I jammed the door open and ran down the empty hallway toward the mess hall.
Inside, alarm bells rang, ear piercingly loud. Lights flashed through the corridors, as if the sound was
n’t enough.
There was nobody around. I wondered if this wing was as completely abandoned as it seemed to be. Surely there must be cameras. Trackers. From the looks of it, everyone had fled. Everyone.
I got to the mess hall door and banged inside, ran behind the counter and into the kitchen. And there she was. Melanie. Curled up on the floor, not unlike Eric had been. I had thought she was brave. No, she was brave. Maybe she just needed a little … push.

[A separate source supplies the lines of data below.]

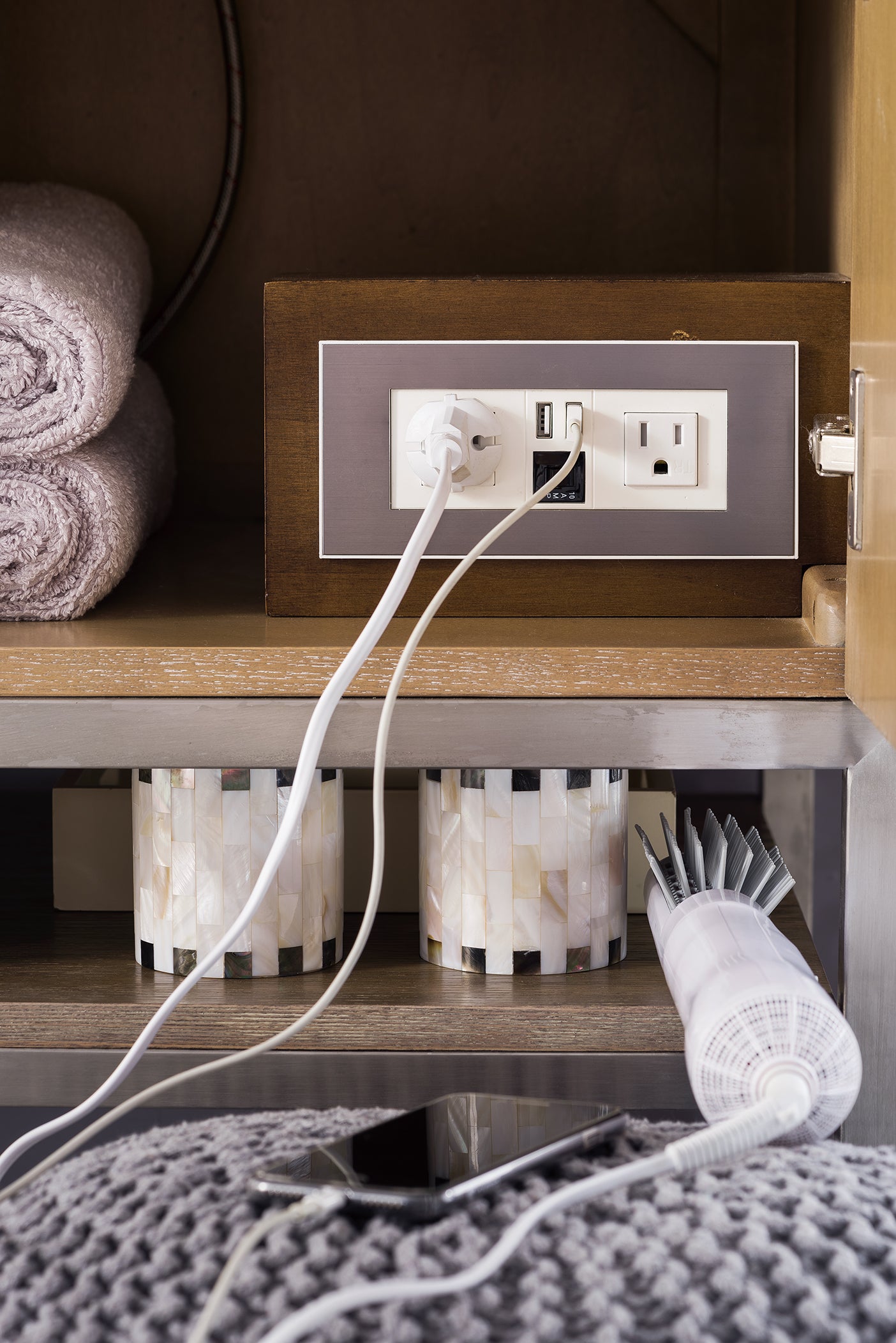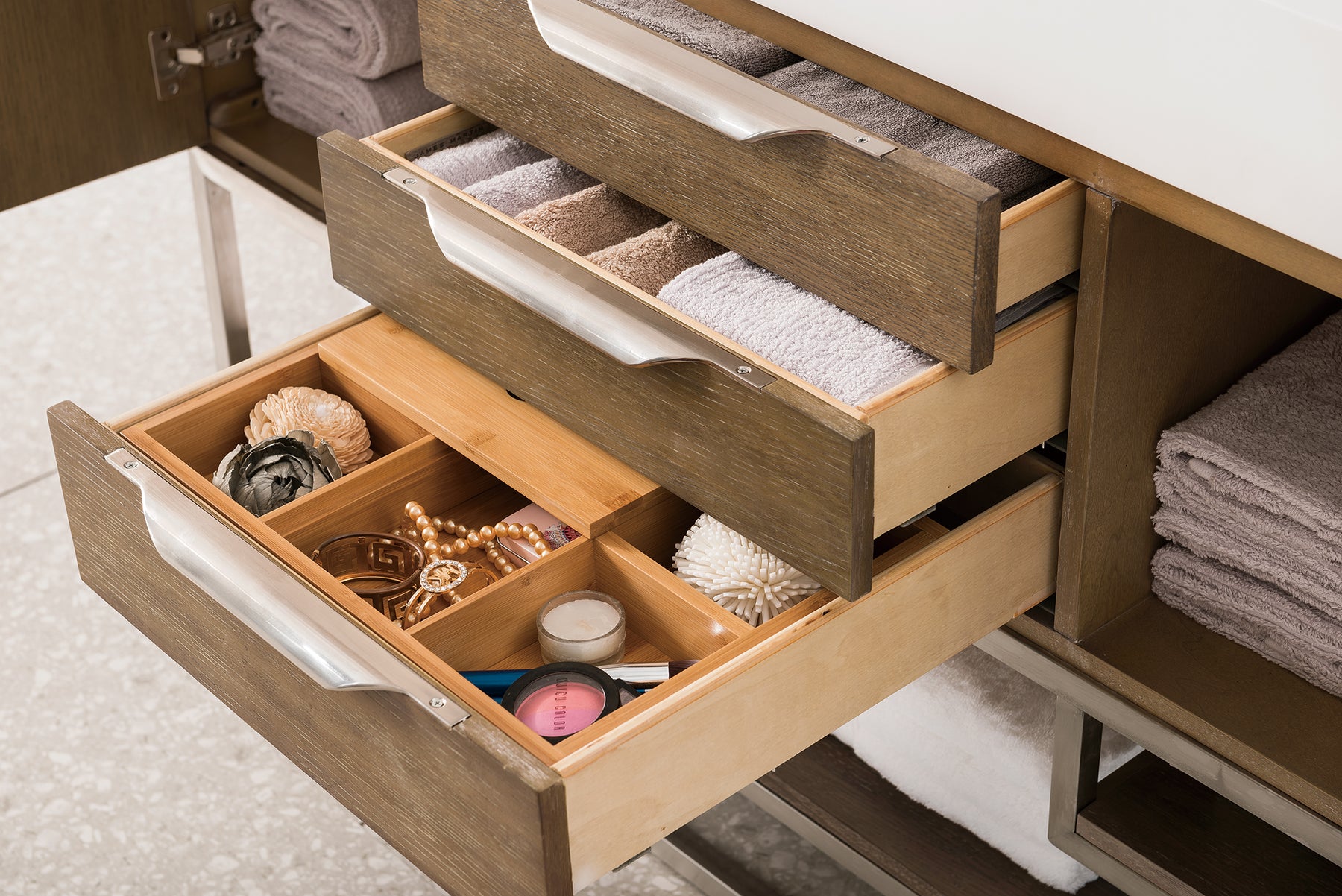 The Columbia 59" Latte Oak Double Vanity offers maximum storage with two soft-closing doors, three soft-closing drawers, and lower shelf space. This cabinet includes premium features such as one solid bamboo drawer organizer and one 120 Volt UL Rated electrical component with two electrical and two USB outlets. The Brushed Nickel finished base coordinates with the pulls. Glossy White Composite Stone countertop with integrated sink included.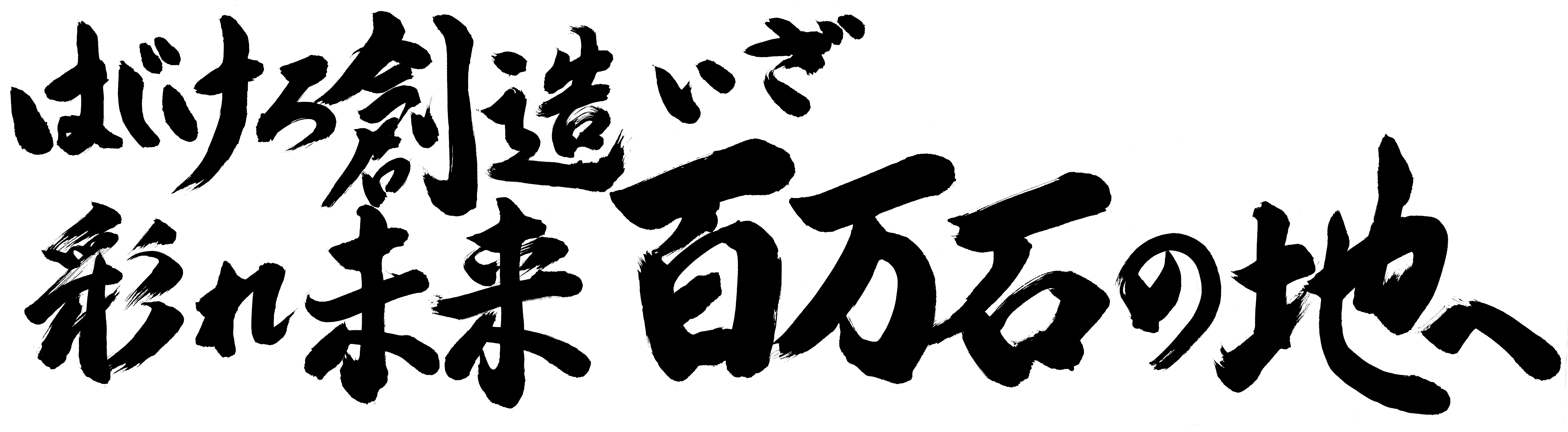 漢字の「創造」や「未来」という字に迫力をもたせました。石川の地である「百万石」という言葉が目につくように大きく書き、目立たせました。「いざ」には、言葉どおり、今からいざ行く!という力強い気持ちを込め、太く大きく表現しました。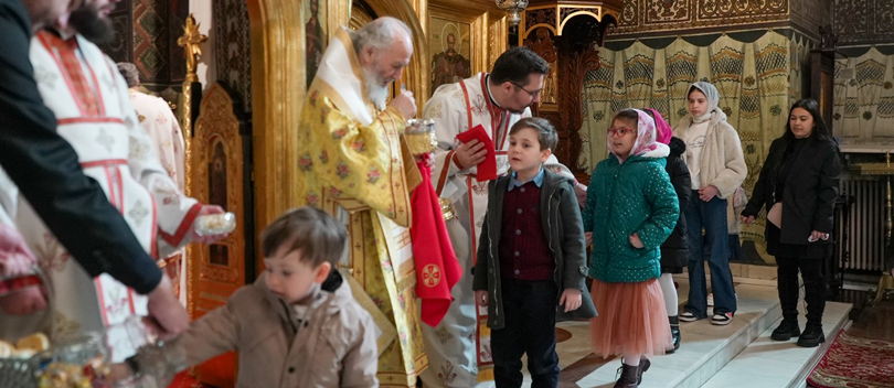 La momentul cuvenit din cadrul Sfintei Liturghii, mai mulți copii prezenți la slujbă au fost împărtășiți cu Sfintele Taine.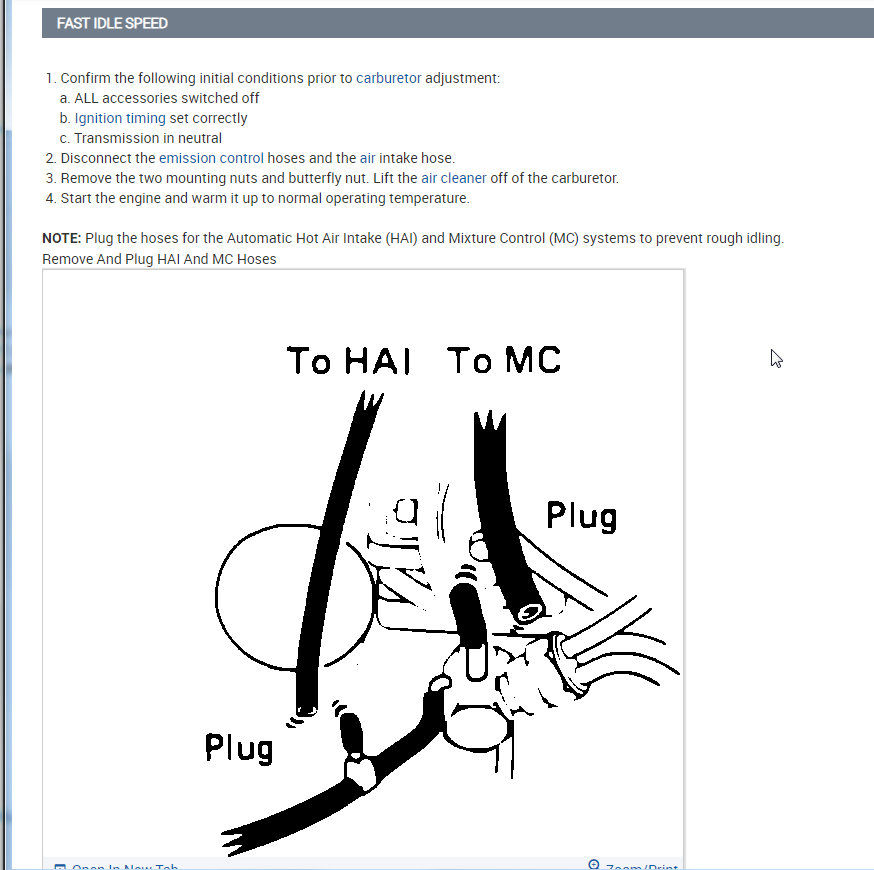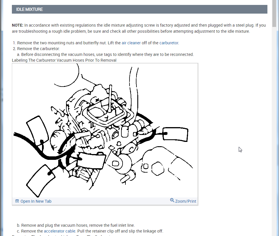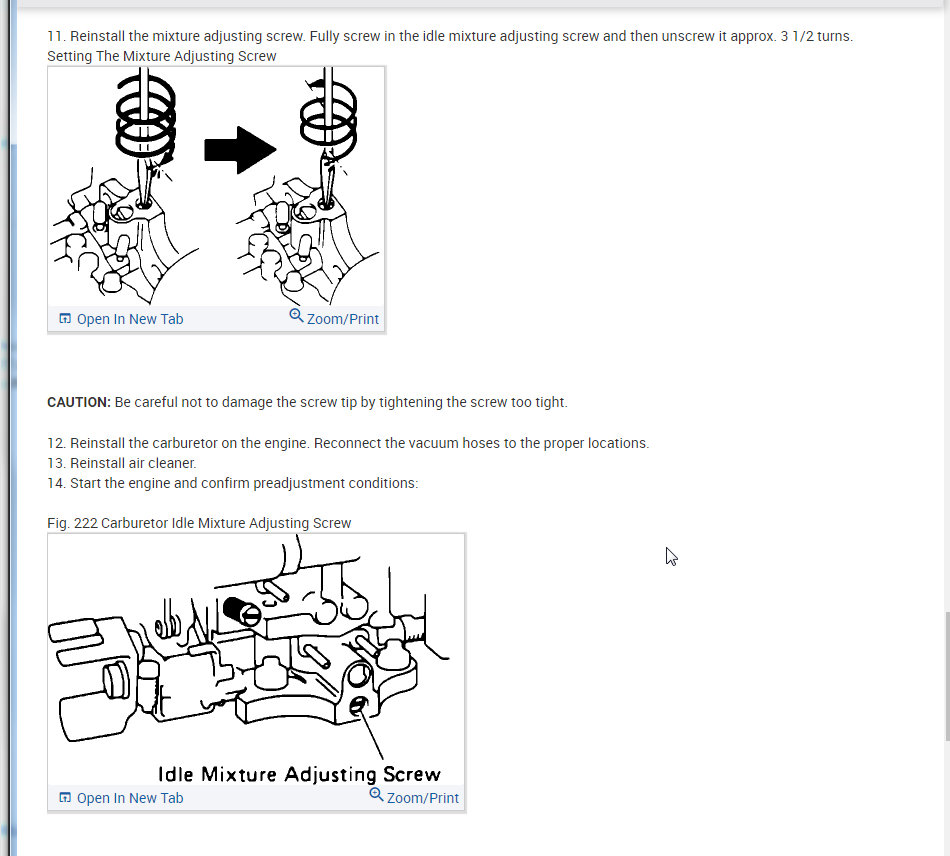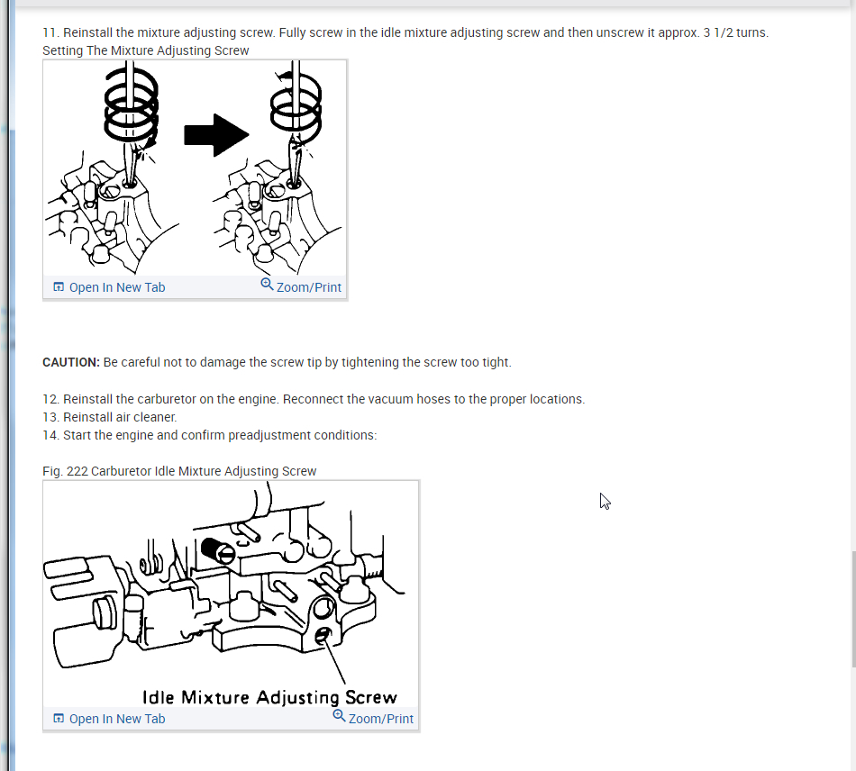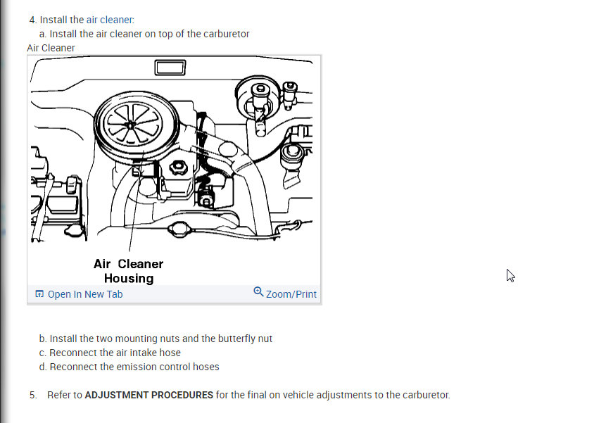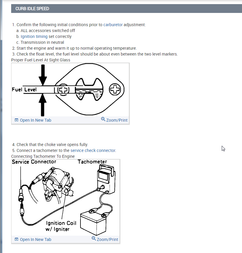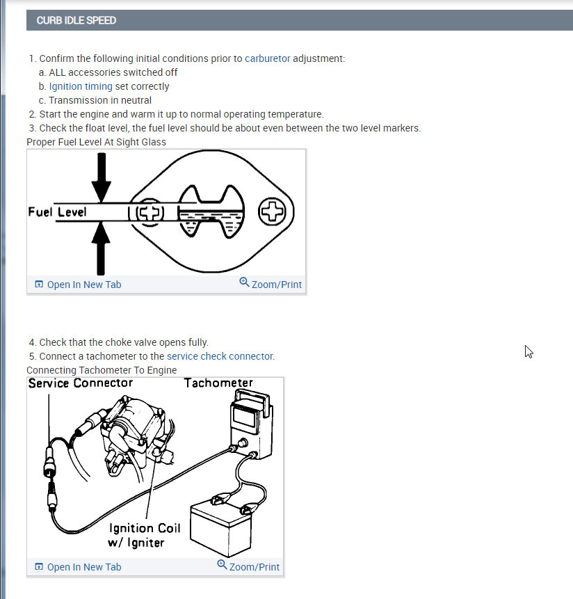 I attached all the info below on how to remove and install the carburetor. Then I also attached the info on idle, curb, and fast adjustments.
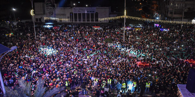 احتفاءً بالذكرى الرابعة عشرة لانطلاق الثورة السورية المباركة، احتشد الآلاف من المواطنين في ساحة العاصي بمدينة حماة، مساء اليوم، في فعالية احتفالية تحت شعار: “سلام يعم وأمل يتجدد”.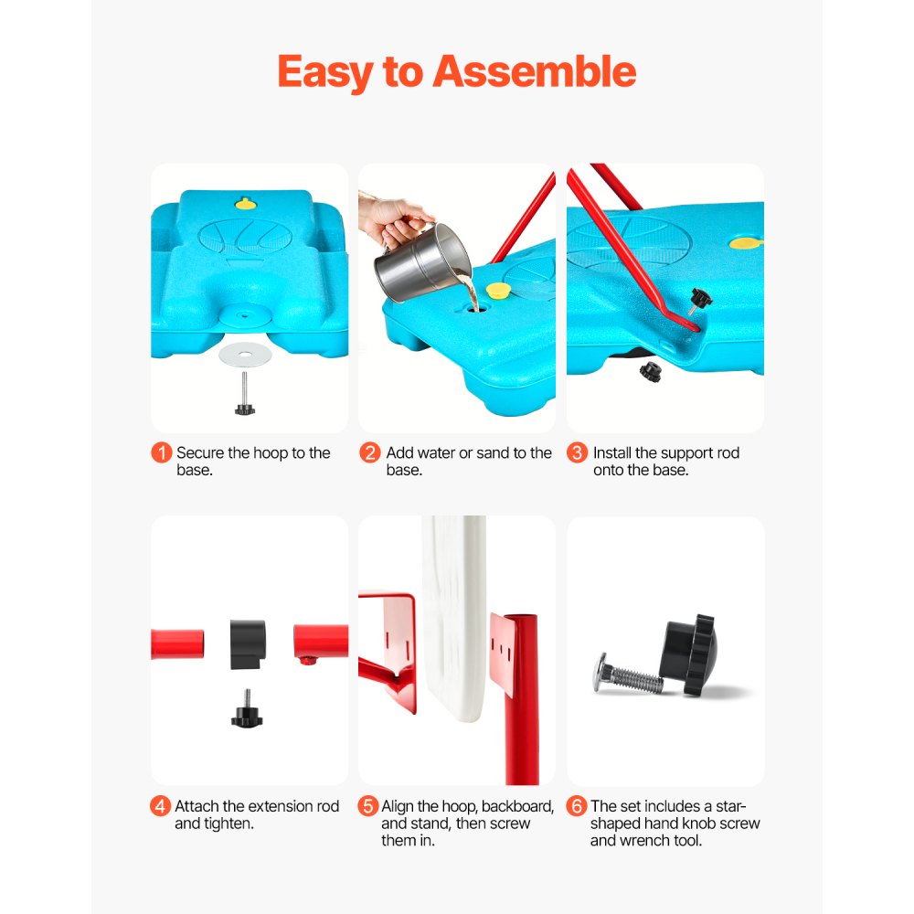 Kosz do koszykówki dla dzieci VEVOR, regulowany na wysokość, przenośne boisko do koszykówki z podstawą do napełniania, gra sportowa na podwórku, zabawka do koszykówki dla maluchów w wieku 3-8 lat, chłopców i dziewcząt - Sport i rekreacja | Galaxy Sklep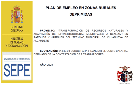 General Anuncio selección provisional de personal ZRD proyecto “Transformación de recursos naturales y adaptación de infraestructuras municipales, a realizar en parques y jardines del término municipal de Villanueva de Alcardete” 20 octubre, 2025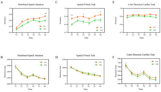 Inter-group behavioral results between the LOL and TKK groups. (A) Accuracy in the Distributed Spatial Attention task. (B) Reaction time in the Distributed Spatial Attention task. (C) Accuracy in the Spatial N-back task. (D) Reaction time in the Spatial N-back task. (E) Accuracy in the Color-Direction Conflict task. (F) Reaction time in the Color-Direction Conflict task. Error bars represent the standard error of the mean. * p < 0.05, ** p < 0.01.

“I need a knife!” I shouted. “Get up! You have to help!”
She looked up at me with frightened blue eyes. I extended my bloody hands to her, and she looked at them, alarmed.
“I—” she tried.
I grabbed onto her and heaved her to her feet.
“Now! I need a knife! Where?”
She looked confused for a moment, but she had more life in her than Eric did. Maybe she hadn’t been beaten down as much as he had.
She hurried over to a long row of knives magnetized and hung on a far wall I hadn’t seen.
“What do you need a knife for?” she asked, grabbing one of the smaller ones and handing it to me.
“You have to help me. You have to cut out my chip.”
Her eyes were wide, and she shook her head, backing up a few steps.
“You have to,” I said. “There is no other way.”
I held out the knife to her, shaking it slightly as she stared at it, confused.
“Listen to me,” I said. “They can track us if we still have our chips in. We need to get them out.”
Her hand flew up to the left side of her head, feeling around for the tiny lump in the skin.
“I don’t want—I don’t think—”
“You don’t have to do yours if you don’t want to. If you want to stay here, or try to make a run for it, that’s fine. But you have to help me. Come on. You can do it.”
Suddenly, the blaring alarms went quiet. I looked around, but we were all alone. I didn’t know what it meant, that the alarms had stopped, but something told me that it couldn’t be good.
“Come on,” I whispered. At the back of the serving area there was a door leading to a different room in the kitchen. The supply room. I grabbed her arm and dragged her through it. Then I shut the door quietly behind us and put my back up against it. “Now,” I said. “Do it now.”